2.  Attend To The Present As Much As Possible

News about the Presidential campaign and elections tends to propel you forward into the future, after the new President is decided. While it is natural to think ahead to a candidate’s presidency as you consider electing them, too much time in the future can put anxiety into overdrive. For instance, I saw a meme this week that proposed that the outcome of a Donald Trump presidency is a Hunger Games dystopia. I imagine that it was meant to be humorous, but it also raised the perceived threat, implying doom if Trump is elected.

If you imagine all of the policies of your least favorite candidate coming true, you start to live in a world of the future but without the ability to move through it. In addition, the reality is that most presidents do not get the majority of their campaign promises into law because of checks and balances with Congress, the Supreme Court, or state and local government.

So you can step back into the present as often as possible in order to manage anxiety. You can listen to candidate pledges and predictions and take them as information about their plans and values, using that information to form your current opinions about a candidate. It is also helpful to pause and breathe when you notice constriction or fear in the body, mind, or breath.

3. Choose Arguments Wisely

This election cycle has been full of all-or-nothing thinking and polarization. This can lead to increased conflict when you try to discuss politics in real life or on the Internet. A few thoughts here:

·         This may be a season to “agree to disagree” with family and friends of different political leanings. There are lots of other issues to talk about that will lead to strengthening of relationships, and it is okay to lean toward these topics for the sake of relationships and one’s own stress level.

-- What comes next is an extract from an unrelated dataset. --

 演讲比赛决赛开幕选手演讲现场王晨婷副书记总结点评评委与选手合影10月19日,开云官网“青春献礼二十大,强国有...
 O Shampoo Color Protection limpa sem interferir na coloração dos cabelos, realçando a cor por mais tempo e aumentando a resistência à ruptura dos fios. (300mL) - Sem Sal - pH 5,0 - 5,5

·         No one goes on social media looking to have their mind changed. Keep that in mind before you entertain the delusion that you can be the one to break through to them when they are not interested.

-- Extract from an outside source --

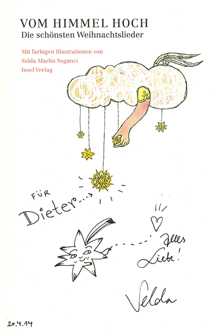 Insel-Bücherei 2002 – Vom Himmel hoch. Die schönsten Weihnachtslieder. Mit farbigen Illustratonen von Selda Marlin Soganci. (= Insel-Bücherei 2002). Berlin, Insel 2012. 13,5 x 22 cm (IB-Großformat). 93, (3) S., farb. illustr. OPp. Die letzten Bl. mit minim. Knitterspuren, sonst sehr gutes Exemplar. EA. * Titelblatt mit eigenhänd. Widmung u. kleiner Zeichnung der Illustratorin. – Beiliegt das Verlagszettelchen zu diesem Band.

·         If you do engage in conflict over politics, monitor your own bodily symptoms and know when you need to step back and take a break, letting go of the impulse to fight.

·         Spend time in real life discussing the election with people who actually want to have a discussion.

4. Take Action Where You Can

While you most likely cannot influence the entire election, you can direct your anxious energy to appropriate places. You can learn more about a particular issue or support a certain candidate. The feeling of efficacy can lower anxiety by giving the energy a place to go. For example, you can:

·         Work with a specific candidate’s campaign,

·         Join a local or national group that supports an issue that is important to you,

·         Recruit your friends to join in these activities with you, or

·         Pledge money to organizations or candidates that are important to you.

5. Keep Living Your Life

The realities of a Sanders or Cruz presidency are still in the future, and you can deal with the positive or negative outcomes (depending on your political preferences) as you need to. Today, it is still 2016 and there are plenty of other areas of life to attract our attention. Maybe this is a time to learn a new hobby, spend more time with family or friends, plan a vacation, take a class, increase exercise, or read more fiction. Providing yourself balance in where you spend your energy helps to lower anxiety as well.

All of these tips can change or adjust the ways in which you interact with news about the election, and this change can give you some space to respond and choose rather than react and seethe during the next eight months. Whatever your political preference, I wish you more peace and breath in the rest of 2016.